Python Memory Management and Tips Transcripts
Chapter: Efficient data structures
Lecture: Different container types
0:00 It's very likely you've got some kind of container for your data.
0:03 That could be a list. We did a bunch with dictionaries just a bit ago.
0:06 Actually, dictionaries containing lists, how meta is that? it could be classes,
0:11 and we also had classes in there.
0:13 So there's all kinds of different containers that we could use.
0:16 But there's some that are interchangeable or somewhat replaceable.
0:19 I could have a list of numbers that, if a list just happens to have numbers,
0:24 Python actually has array types, and
0:26 the more traditional, here's a big chunk of memory in the size of the object
0:31 or the type of object is allocated and set just in line.
0:34 This only works for numbers, but that could be interesting.
0:37 You could have Pandas or NumPy.
0:40 Maybe those things store stuff really efficiently or inefficiently.

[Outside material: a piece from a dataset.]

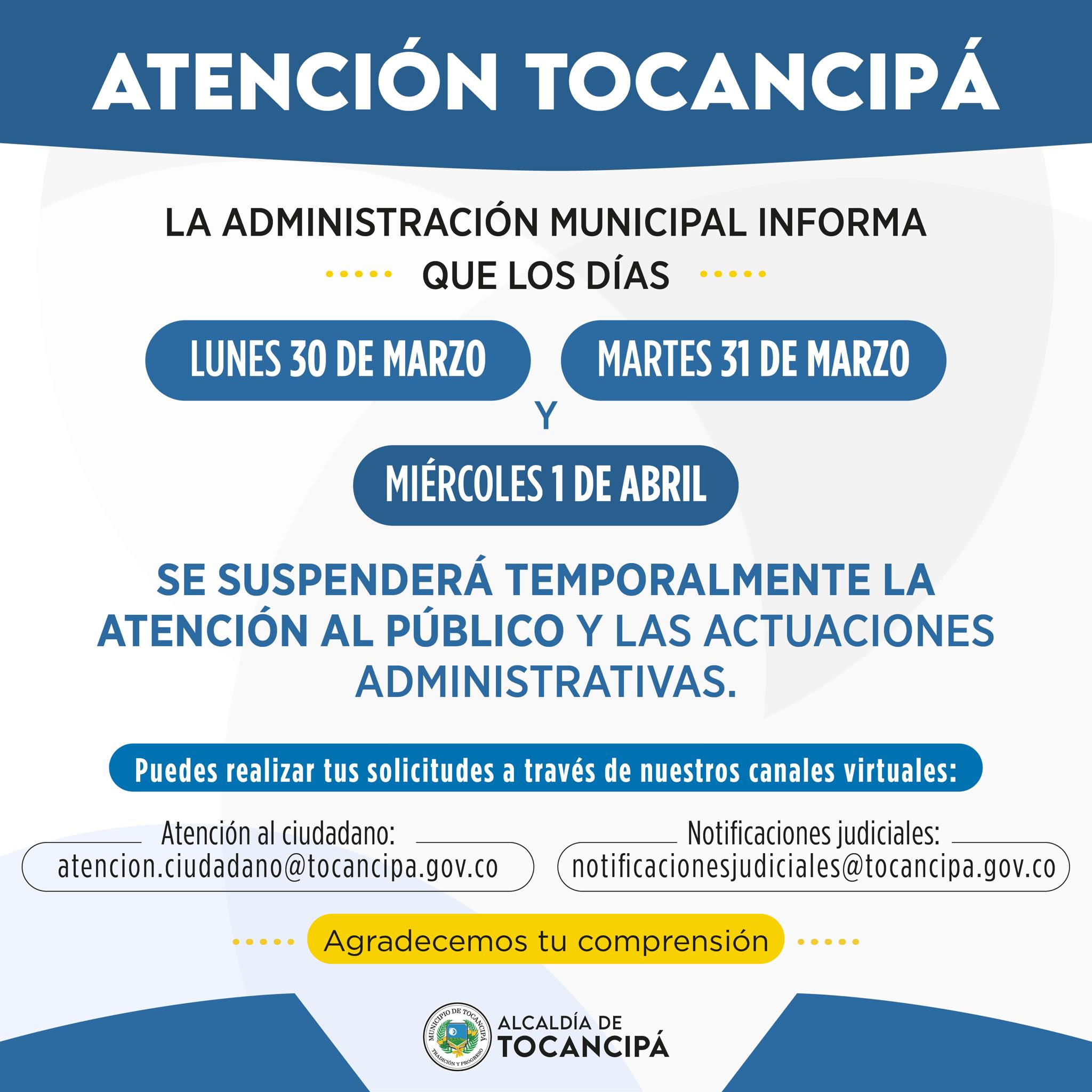 #Administrativa | Mediante el Decreto 024 de 2026, informamos que se suspende temporalmente el servicio y las actuaciones administrativas de la Alcaldía de Tocancipá los días 30, 31 de marzo y 1 de abril de 2026.
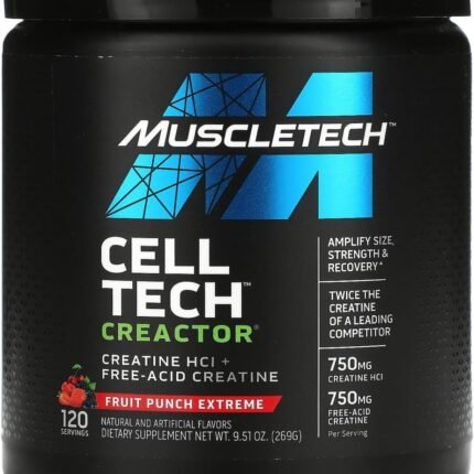 MuscleTech Cell-Tech Creactor – Creatine HCl Formula – Muscle Builder for Men & Women – Creatine HCl + Free-Acid Creatine Supplements – Fruit Punch Extreme, 120 Servings

0:43 I don't know. We're gonna find out.
0:45 So what we're gonna do in this section as we're gonna look at a simple scenario,
0:49 we're gonna have a bunch of names and bunch of ages
0:51 that correspond to those names.
0:52 So basically details about people, and then we want to try to store them in different
0:58 things: lists, arrays, data frames and so on
1:00 and just ask the question "if we start like this,
1:03 how much memory does it use?" versus "if it's stored like that,
1:06 How much does it use?" Because while certain containers might be more familiar and comfortable
1:11 Or maybe they have capabilities that we need or they're just the first thing
1:16 that you think of, there might be a much better option in terms of memory
1:21 for what you're trying to do,
1:22 and we're gonna sort of compare some of the common ones side by side coming up.